Directions for this task
Quote only the span from the first line of the entries to the line containing "이외에도 삼양그룹은 이번", both ends kept. Leave every picture out.

** Supplied information follows **

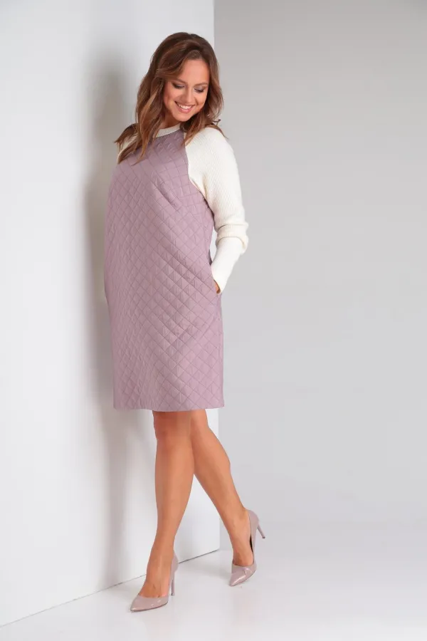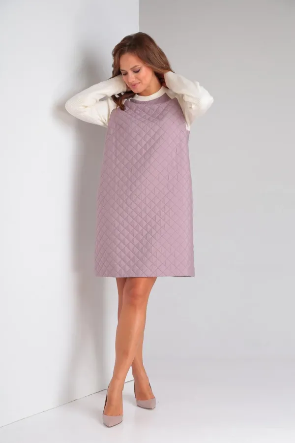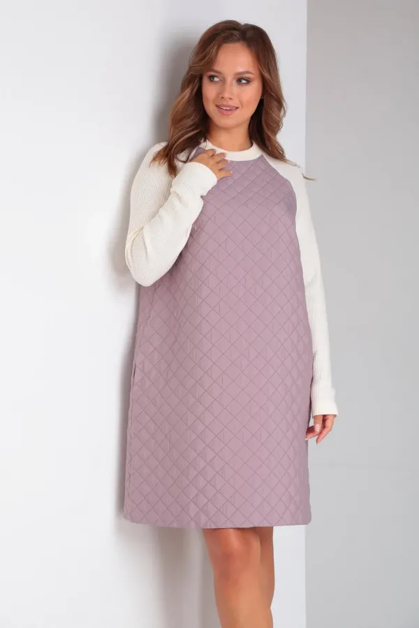 Платье женское А-силуэта свободного покроя из двух видов ткани: стежка и трикотажное полотно (отделочная ткань). Перед цельный с нагрудными вытачками. По спинке кокетка с центральной застедкой на петли и пуговицы. Рукав ... Читать далее...
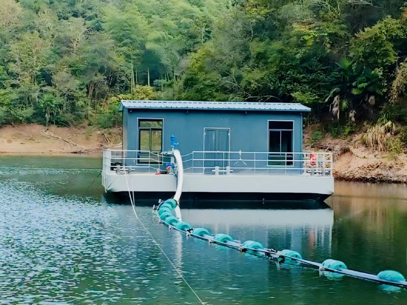 我司直面水域施工的復雜挑戰,肩負提升飲水安全、強化供水能力、助力水廠升級的使命,以“質量過硬、民生為本”的建設理念全力攻堅。此次承建的取水泵船長10米、寬8米、高4.6米,創新采用約40米長水面漂浮式輸水管路,主要由HDPE浮筒+HDPE管路+不銹鋼金屬軟管的取水工藝,整套取水系統可完全漂浮于水面,隨船體及水位升降自動調整,兩端不銹鋼軟管更能適配船體小范圍晃動與搖擺,確保各類水位條件下取水的穩定性與安全性,徹底破解水域取水的環境適配難題。
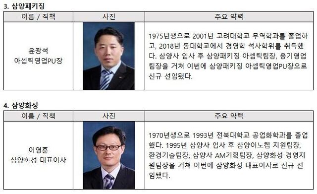이외에도 삼양그룹은 이번 인사에서 외부 영입을 제외한 신규 임원 6명 중 3명을 40대로 구성하고 그룹의 핵심적인 역할을 맡게 했다. 삼양그룹은 "연공서열을 탈피하고 성과 중심으로 전문성과 리더십이 차별화된 인력 발탁에 초점을 맞췄다"고 밝혔다. 이번 정기 임원인사는 12월1일 시행 예정이다.
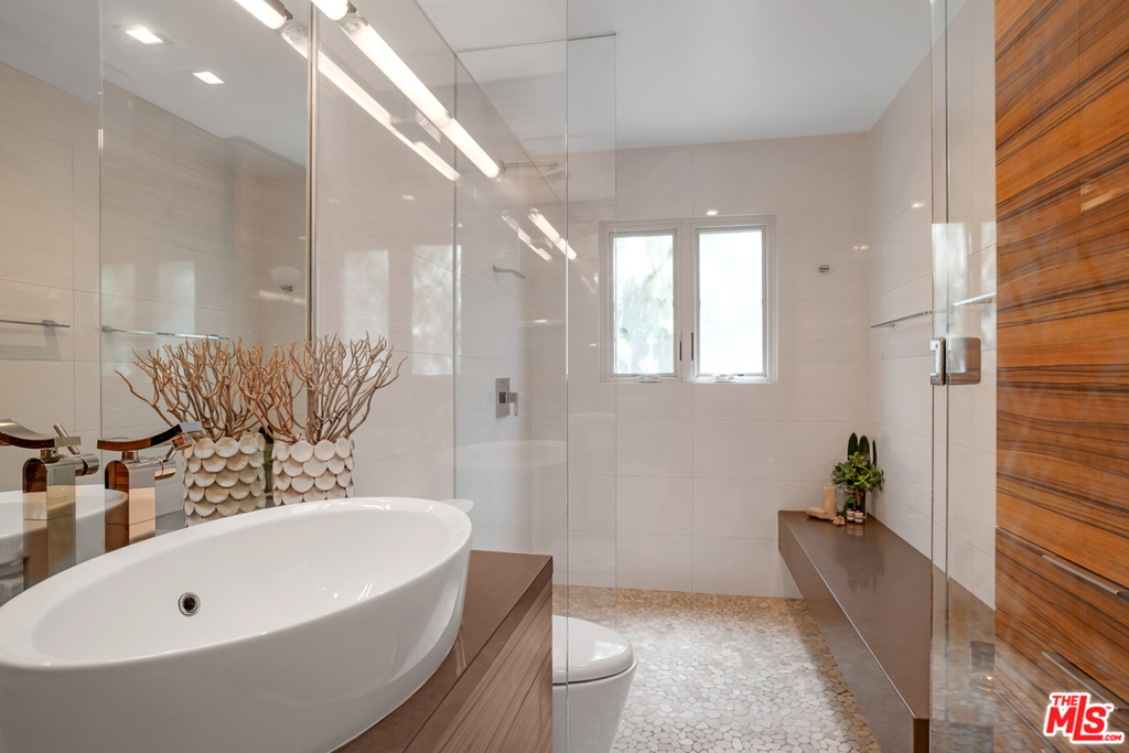 The one you have been waiting for! Beautiful top to bottom remodel with the highest quality finishes. Wide plank distressed floors, custom cabinetry, fireplace with large screen TV. State of the art kitchen with Caesar stone counters, Porcelanosa tiles throughout, custom Palladio wood designed cabinets, stainless steel appliances and breakfast area open to a versatile living space. Gorgeous bath with large spa-style shower. Relax on your private balcony with view of tree-tops and gardens. Gated resort-style living amid sprawling grounds. The unit even has an electric car charger in its private, covered parking space. Amenities include heated pool & spa, large private dog park and grassy picnic area, extra deeded storage, ample guest parking. Located seconds from Barrington Village, great restaurants, shops, parks and minutes to beach & 405.
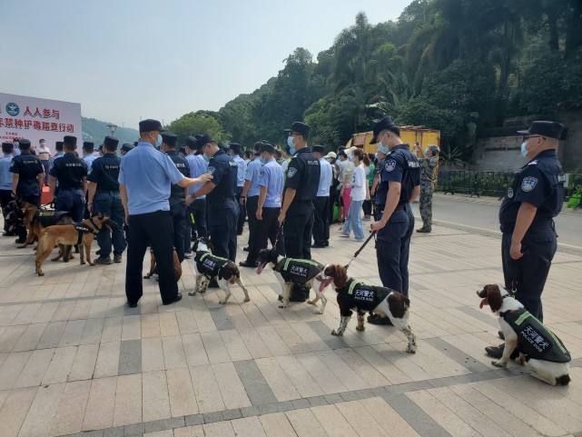 8月2日上午,天河区2021年禁种铲毒踏查行动举行。现场出动了无人机进行航测、缉毒犬搜毒和居民群众踏查,深入山区林场、废弃庭院等潜在非法种植区域,进行全面、不留死角的踏查铲毒行动。
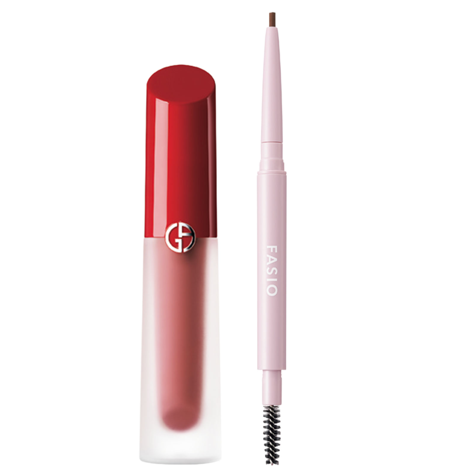 左から:リップ マエストロ サテン #1 ¥6,380(アルマーニ ビューティ)ファシオ ウォータープルーフ アイブロウ(細芯)02 ¥1,100〈編集部調べ〉(コーセー)
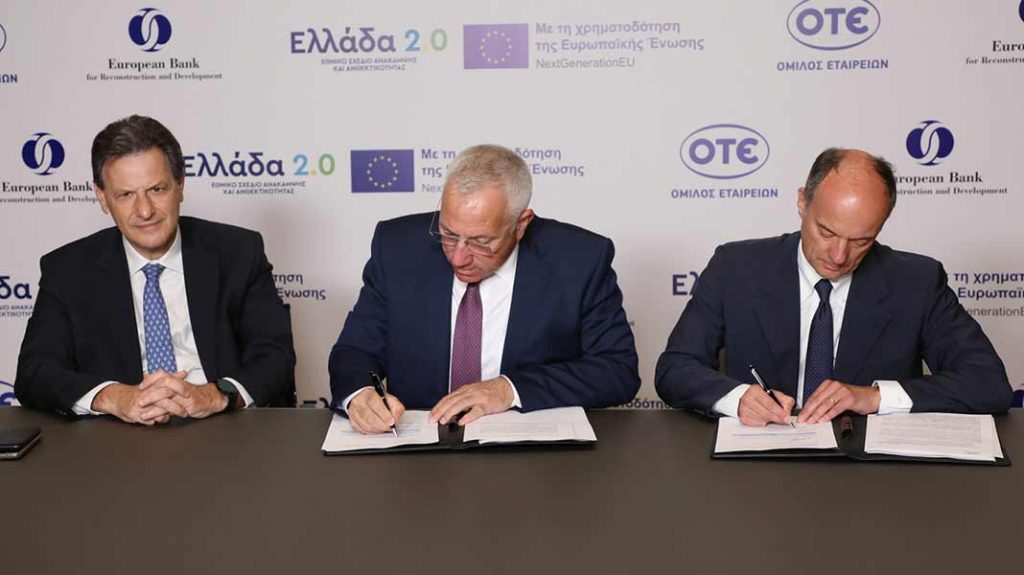 O Οργανισμός Τηλεπικοινωνιών της Ελλάδος Α.Ε. («ΟΤΕ Α.Ε.» ή «Εταιρεία») ανακοινώνει ότι o ΟΤΕ προχωρά στην άντληση κεφαλαίων ύψους €150 εκατ. μέσω δανειακής σύμβασης με την EBRD. Η δανειακή σύμβαση αυτή, είναι η πρώτη που υλοποιείται στη χώρα στον τομέα των ψηφιακών επενδύσεων, με την χρήση δανειακών κεφαλαίων στο πλαίσιο του Εθνικού Σχεδίου Ανάκαμψης και Ανθεκτικότητας «Ελλάδα 2.0» με τη χρηματοδότηση της Ευρωπαϊκής Ένωσης – NextGenerationEU. Οι πόροι αυτοί θα συμβάλουν στην ανάπτυξη δικτύου Fiber to the Home (FTTH) στην ελληνική περιφέρεια από τον ΟΤΕ, στο πλαίσιο του επενδυτικού του πλάνου ύψους άνω των €3 δισ. έως το 2027. Η υπογραφή της συμφωνίας έγινε στο Διοικητικό Μέγαρο του Ομίλου ΟΤΕ, μεταξύ του Dirk Werner (Director, Head of Telecommunications, Media and Technology – EBRD) και του Προέδρου και Διευθύνοντος Συμβούλου του Ομίλου ΟΤΕ, κ. Μιχάλη Τσαμάζ, παρουσία του Υπουργού Οικονομικών κ. Χρήστου Σταϊκούρα, του Αναπληρωτή Υπουργού Οικονομικών κ. Θόδωρου Σκυλακάκη και του Διοικητή της Ειδικής Υπηρεσίας Συντονισμού του Ταμείου Ανάκαμψης κ. Νίκου Μαντζούφα.

** End of Supplied information **

Written reply
 Платье женское А-силуэта свободного покроя из двух видов ткани: стежка и трикотажное полотно (отделочная ткань). Перед цельный с нагрудными вытачками. По спинке кокетка с центральной застедкой на петли и пуговицы. Рукав ... Читать далее...
 我司直面水域施工的復雜挑戰,肩負提升飲水安全、強化供水能力、助力水廠升級的使命,以“質量過硬、民生為本”的建設理念全力攻堅。此次承建的取水泵船長10米、寬8米、高4.6米,創新采用約40米長水面漂浮式輸水管路,主要由HDPE浮筒+HDPE管路+不銹鋼金屬軟管的取水工藝,整套取水系統可完全漂浮于水面,隨船體及水位升降自動調整,兩端不銹鋼軟管更能適配船體小范圍晃動與搖擺,確保各類水位條件下取水的穩定性與安全性,徹底破解水域取水的環境適配難題。
이외에도 삼양그룹은 이번 인사에서 외부 영입을 제외한 신규 임원 6명 중 3명을 40대로 구성하고 그룹의 핵심적인 역할을 맡게 했다. 삼양그룹은 "연공서열을 탈피하고 성과 중심으로 전문성과 리더십이 차별화된 인력 발탁에 초점을 맞췄다"고 밝혔다. 이번 정기 임원인사는 12월1일 시행 예정이다.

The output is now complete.